## [TASK ITEM]
Repeat the listing below in full and exactly. Pictures are to be omitted.

## [MATERIAL PROVIDED]
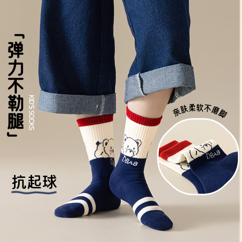 秋冬款100%儿童袜子a类男童秋季女孩抑菌抑臭不易起球A中筒袜棉袜
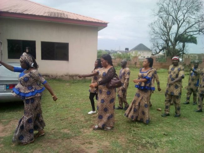 Mrs. Evelyn Osuagwu, Curator, National War Museum, Umuahia, leading a march past with the museum staff.
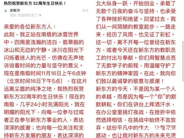 俞敏洪在南极发布内部信祝贺新东方成立32周年,却遭遇争议。这封署名为“俞敏洪在南极”的内部信,共5次出现“南极”二字,多位网友于社交平台吐槽称,“满篇看下来,整个脑子都是南极”“全员信更像是俞敏洪的自我感动”等等。

## [RESULT OF THIS TASK]
 秋冬款100%儿童袜子a类男童秋季女孩抑菌抑臭不易起球A中筒袜棉袜
 Mrs. Evelyn Osuagwu, Curator, National War Museum, Umuahia, leading a march past with the museum staff.
 俞敏洪在南极发布内部信祝贺新东方成立32周年,却遭遇争议。这封署名为“俞敏洪在南极”的内部信,共5次出现“南极”二字,多位网友于社交平台吐槽称,“满篇看下来,整个脑子都是南极”“全员信更像是俞敏洪的自我感动”等等。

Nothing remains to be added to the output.